Image by Bruce Herman

Miriam, Virgin Mother detail central panel - "Overshadowed"

Luke 1: 34-38

34 “How will this be,” Mary asked the angel, “since I am a virgin?”

35 The angel answered, “The Holy Spirit will come on you, and the power of the Most High will overshadow you (emphasis mine). So the holy one to be born will be called the Son of God. 36 Even Elizabeth your relative is going to have a child in her old age, and she who was said to be unable to conceive is in her sixth month. 37 For no word from God will ever fail.”

38 “I am the Lord’s servant,” Mary answered. “May your word to me be fulfilled.” Then the angel left her.

Most images and icons of Mary depict her as serene, pure and yet she is unmovable like a mountain. Now, depending on the icon writer’s theological intent, icons either collapse relational distance or enlarge it. Traditionally, Mary might smile or weep and yet, like Michelangelo’s Pietà, she is the mother who is larger than life, where glorious events happen about her, but she is not overcome.

Bruce Herman’s Miriam, Virgin Mother in his series Magnificat both breaks and plays within this tradition of visually reading Mary.
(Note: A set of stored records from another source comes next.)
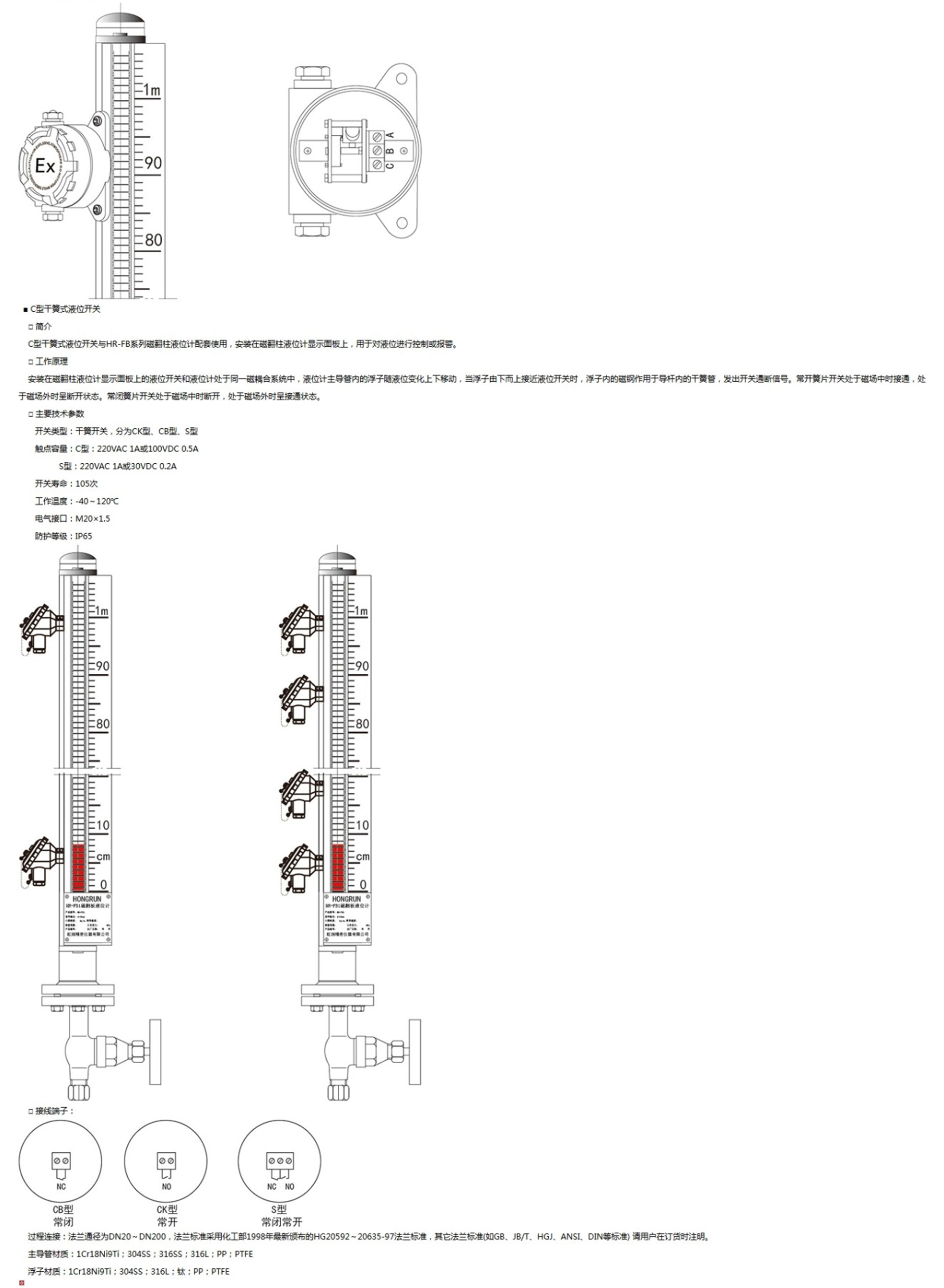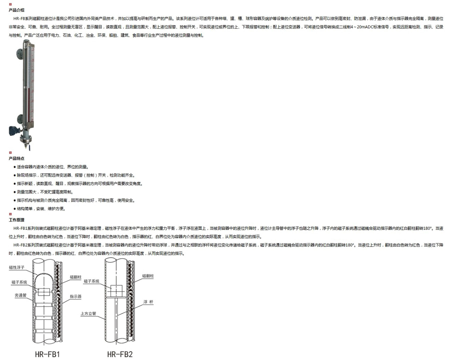 HR-FB系列磁翻柱液位計(jì)是我公司引進(jìn)國(guó)內(nèi)外同類產(chǎn)品技術(shù),并加以提高與研制而生產(chǎn)的產(chǎn)品。該系列液位計(jì)可適用于各種塔、罐、槽、球形容器及鍋爐等設(shè)備的介質(zhì)液位檢測(cè)。產(chǎn)品可以做到高密封、防泄漏,由于液體介質(zhì)與指示器完全隔離,測(cè)量液位非常安全、可靠、耐用。
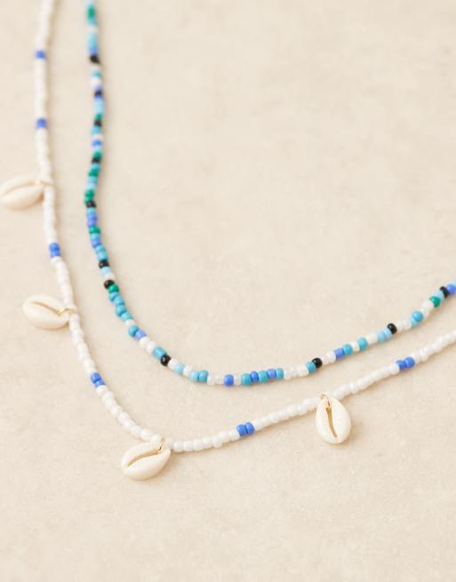 ASOS DESIGN – Mehrreihige Perlen-Bauchkette in Gold-Optik mit künstlichen Muscheln
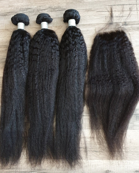 Set 3 Bundles + 4x4 Closure Human Hair 10"-40" (25cm-100cm) Kinky Straight
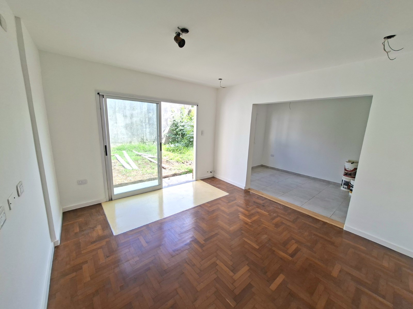 Casa en una planta de dos dormitorios, reciclada a nueva. Posee estar, living y cocina comedor, dos baños completos, garage descubierto para un vehículo, parque y cuarto de guardado.
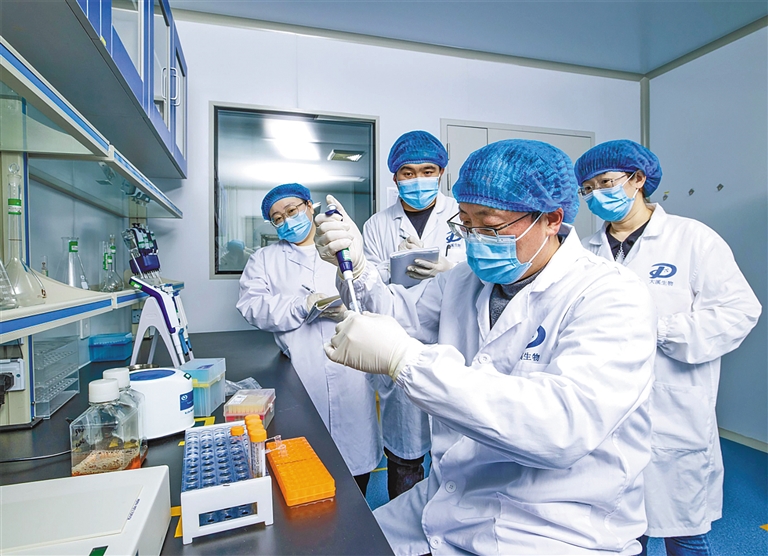 內(nèi)蒙古大溪生物科技有限公司檢驗(yàn)人員學(xué)習(xí)檢驗(yàn)技術(shù)。

His detail central panel titled "Overshadowed" captures the moment when God, who is Light “and in whom is no darkness at all” (1 Jn. 1:5), overshadows Mary with the power of the Holy Spirit and brings about the mystery of the Incarnation: A virgin with child. In this moment, she becomes theotokos, God-bearer. Herman uses hints or impressions of blue, green and red in her head garment which are traditional colors associated with Mary and her dress is white with a sheen of gold. Unlike other images of the Annunciation where Mary is upright and quietly praying, Herman’s Mary lays on the ground as if she’s collapsed, her left hand clutches the fabric at her waist. She’s neither afraid nor exuberant; she’s transfixed as if she’s seeing a vision not of this world but Heaven. There is a line that captures the intensity of this image in the poem ‘Annunciation’ by Scott Cairns, “She burns but she is not consumed.”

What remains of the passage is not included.